[[ PROVIDED MATERIAL open ]]

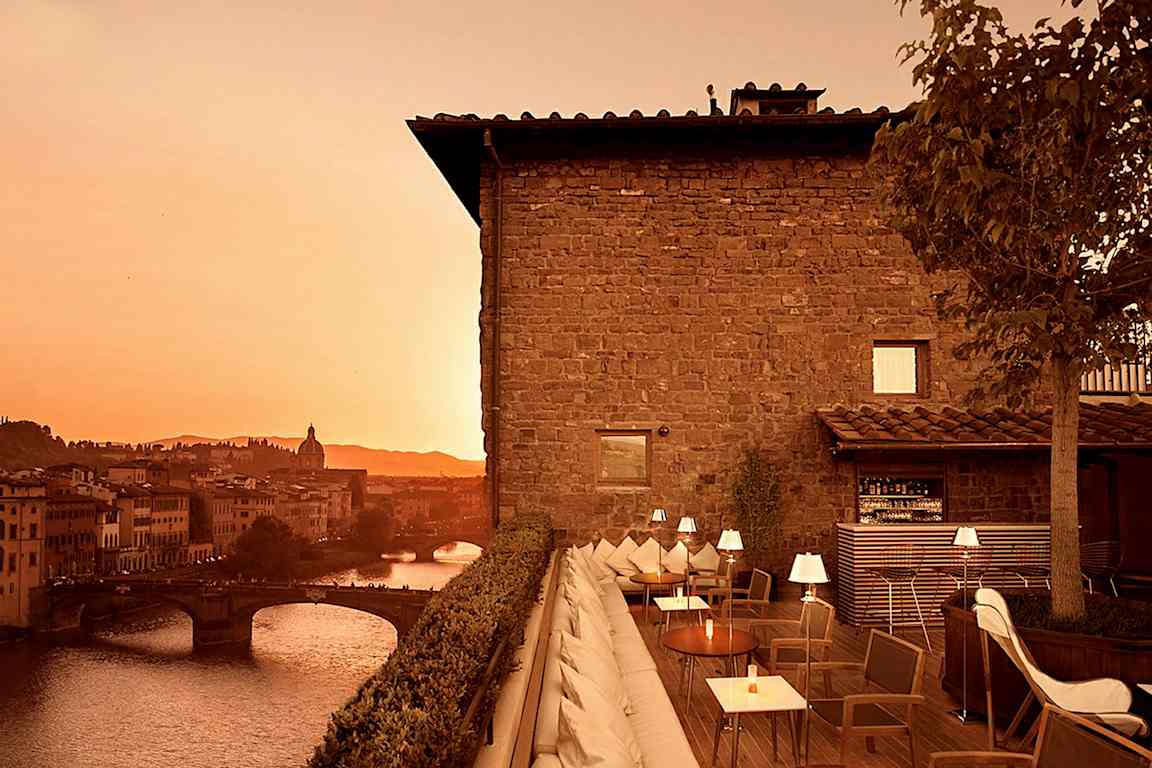 Hotel Lungarno ligger intill Arnofloden, med Ponte Vecchio och stadens historiska kvarter strax utanför. Här möter en avslappnad färgpalett i blått, vitt och brunt en omfattande...
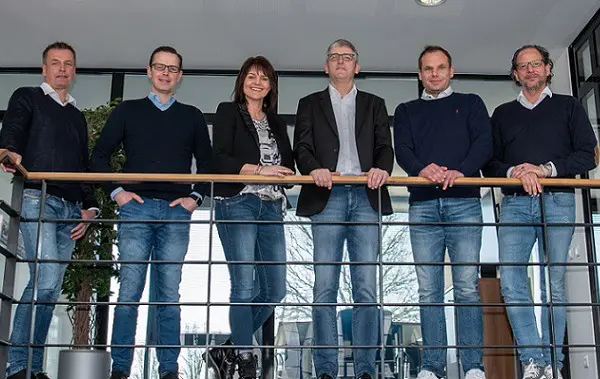 Foto: Das neue ComLine Management v. l. n. r.: Harald Rapp (Geschäftsführer), Oliver Bartsch (Director Volume), Anja Sobottka (Geschäftsführerin), Stephan Leonhard (Director Value), Tim Daumann (Head of Audio/Video), Richard Gäbel (Geschäftsführer)
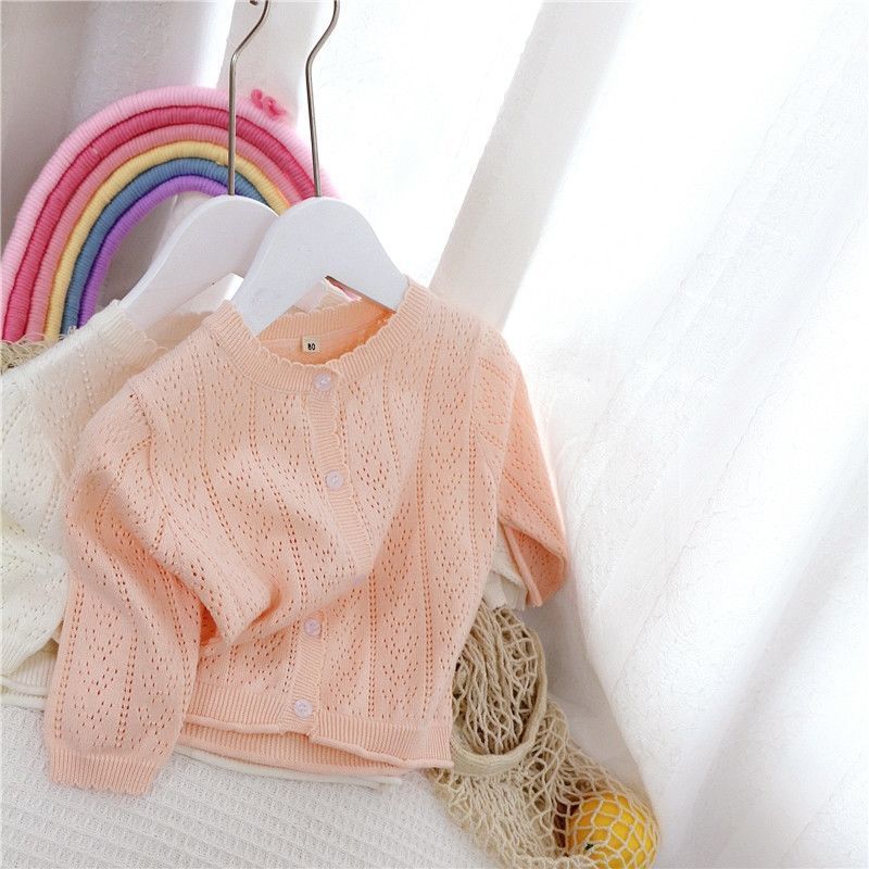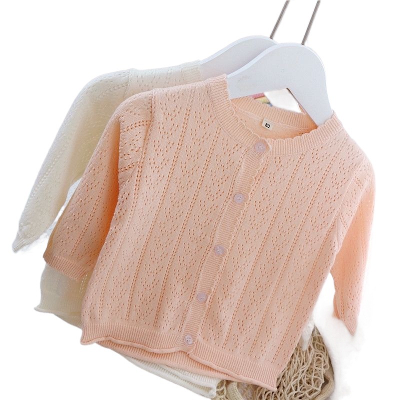nameOriginal | Girls' knitted cardigan spring and autumn baby thin 3/4 sleeve hollow shawl children's coat air conditioning shirt |
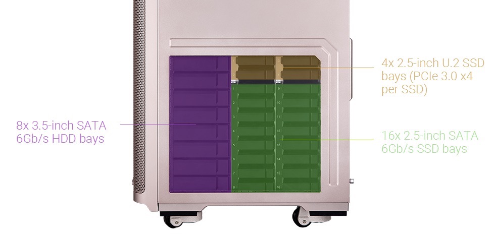 Qnap TS-2888X dispone di otto vani unità SATA 6Gb/s da 3,5″ per dischi rigidi. In più, di sedici vani unità SATA 6Gb/s da 2,5″ e quattro vani unità da 2,5″ che supportano SSD U.2 PCIe Gen3 x4 NVMe.
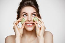 Wallpaper Blue-eyed girl applies cucumbers to her face
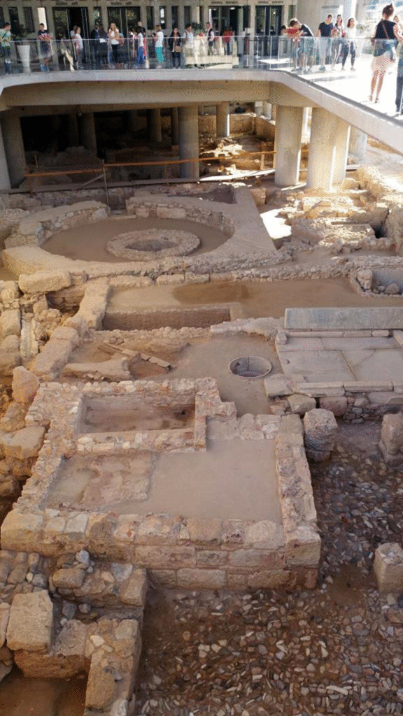 ビザンティン時代の物見の塔の跡。考古博物館のガラスの床下に見ることが出来る。
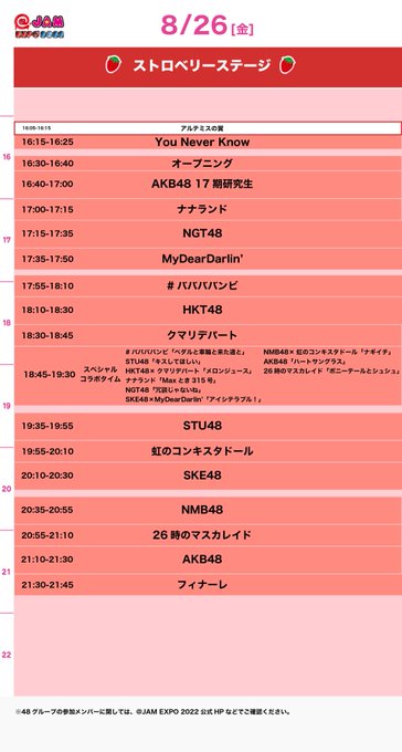 佐藤佳穂(SKE48)@BCNOkaho -- SKE48は20時10分〜です🥰配信もあるみたいだよ〜かほのこと見つけてね❣️🤍 #アットジャム #SKE48 8月26日スペシャルデー twitter.com/at_jam/status/… @ JAM シリーズ公式 【最終出演者&タイムテーブル公開】8/26.27.28 横浜アリーナ@ JAM EXPO 2022お待たせしました、最終出演者とタイムテーブル発表です‼️また、ステージ企画も発表✨スペシャルな企画もどうぞお楽しみに🎶詳細はコチラ⇒atjam.jp/news/detail/Y3…チケット:atjam.jp/expo2022/ticket#アットジャム pic.twitter.com/wY6HcJxtvS
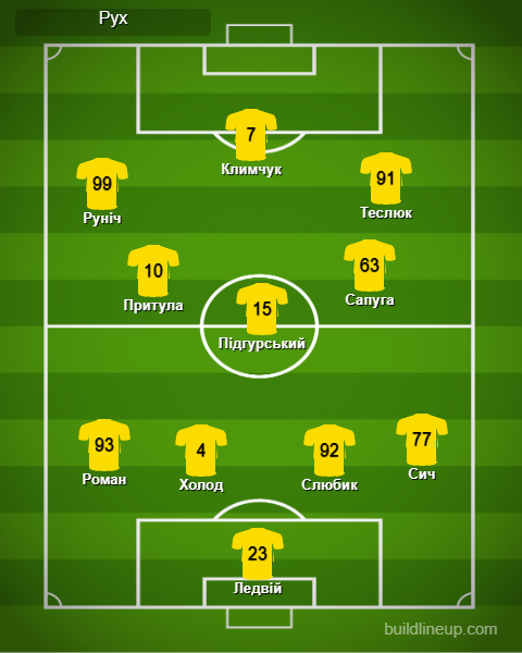 «Рух»: Ледвій, Сич, Слюбик, Холод, Роман, Підгурський (Плюман, 73), Сапуга, Притула (Пастух, 55), Теслюк (Квасниця, 55), Руніч (Соломон, 73), Климчук
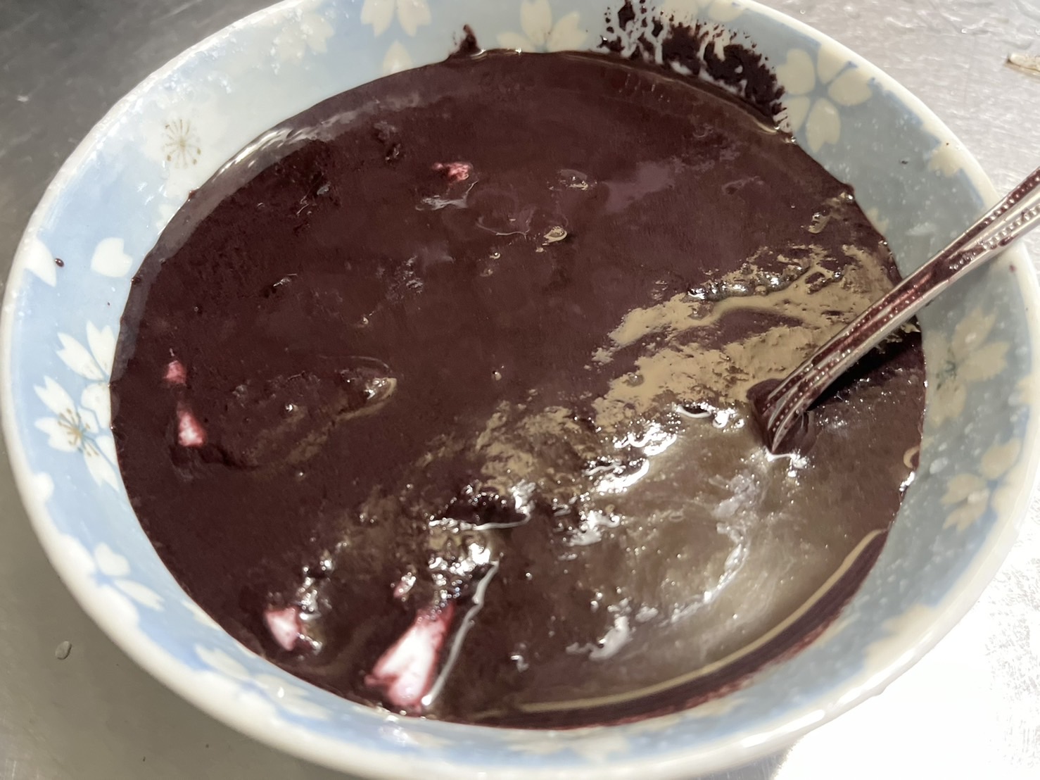 2.3分程度ほど冷凍アサイーが溶けるのを待ってから、マイグラを混ぜ合わせるよ!
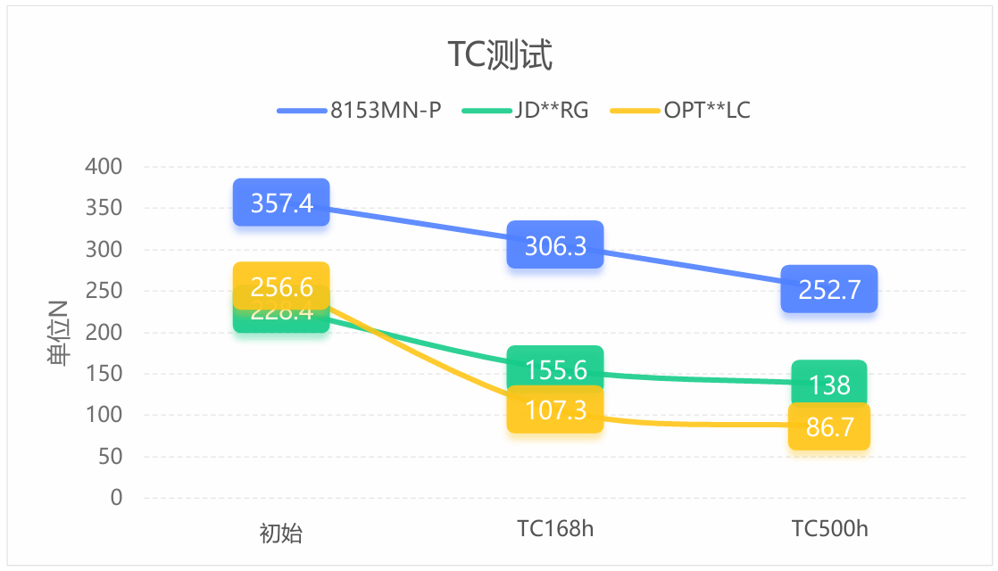 8153MN-P在雙85@1000h和TC@500h可靠性后力值保持率遠(yuǎn)高于市場同類競品
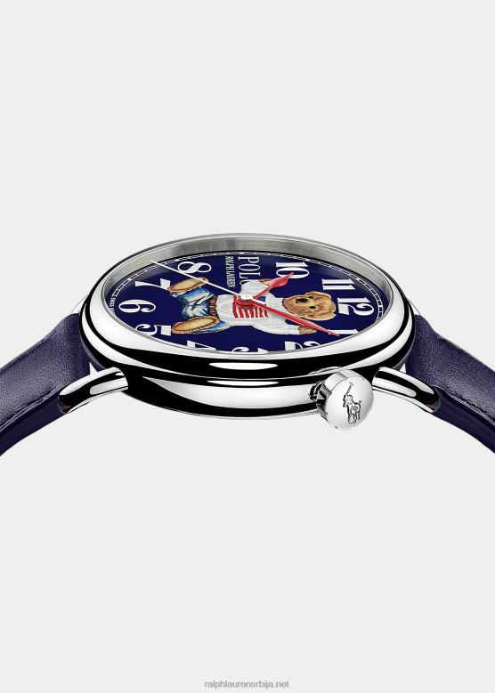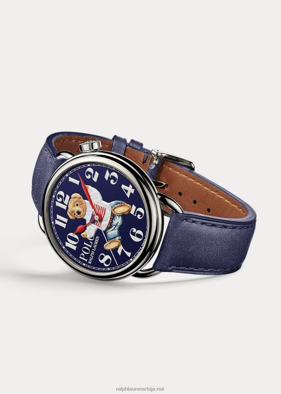 мушкарци Ralph Lauren седећи поло медвед 42 мм челични сат V2V442798 плави бројчаник
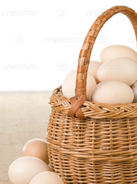 Яйца и корзина изолированы на белом
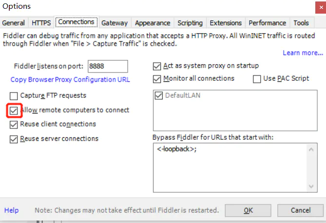 1.Fiddler设置打开Fiddler, Tools-> Options。选中"Allow remote computers to connect". 是允许别的机器把HTTP/HTTPS请求发送到Fiddler上来(配置完后记得要重启Fiddler)。
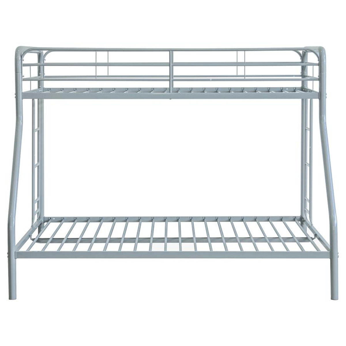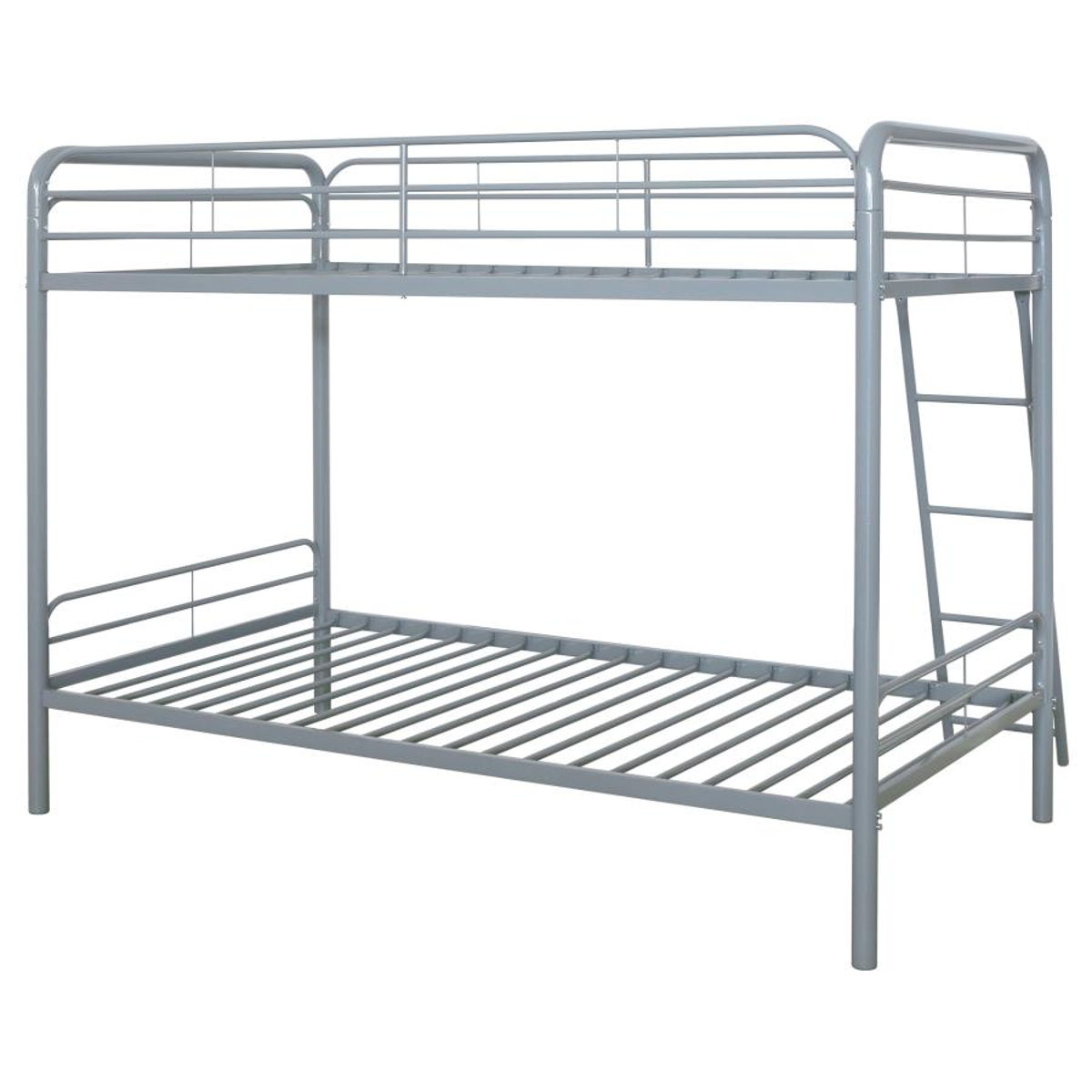 Maximize sleeping space with this modern metal bunk bed, designed for strength, safety, and everyday functionality. Its powder-coated glossy finish enhances the sleek silhouette, while full-length guardrails on the top bunk ensure secure rest. A built-in ladder provides stable access, integrated directly into the frame for a clean look and compact footprint. With metal slat support for both sleeping surfaces, this bunk bed eliminates the need for foundations and suits shared rooms with style and durability.

[[ PROVIDED MATERIAL closed ]]

__INSTRUCTIONS FOR THE TASK__.
Return, exactly as they stand, the lines above from the one with "Wallpaper Blue-eyed girl" to the one with "ビザンティン時代の物見の塔の跡。考古博物館のガラスの床下に見ることが出来る。", omitting any pictures among them.

__FINAL ANSWER__.
 Wallpaper Blue-eyed girl applies cucumbers to her face
 ビザンティン時代の物見の塔の跡。考古博物館のガラスの床下に見ることが出来る。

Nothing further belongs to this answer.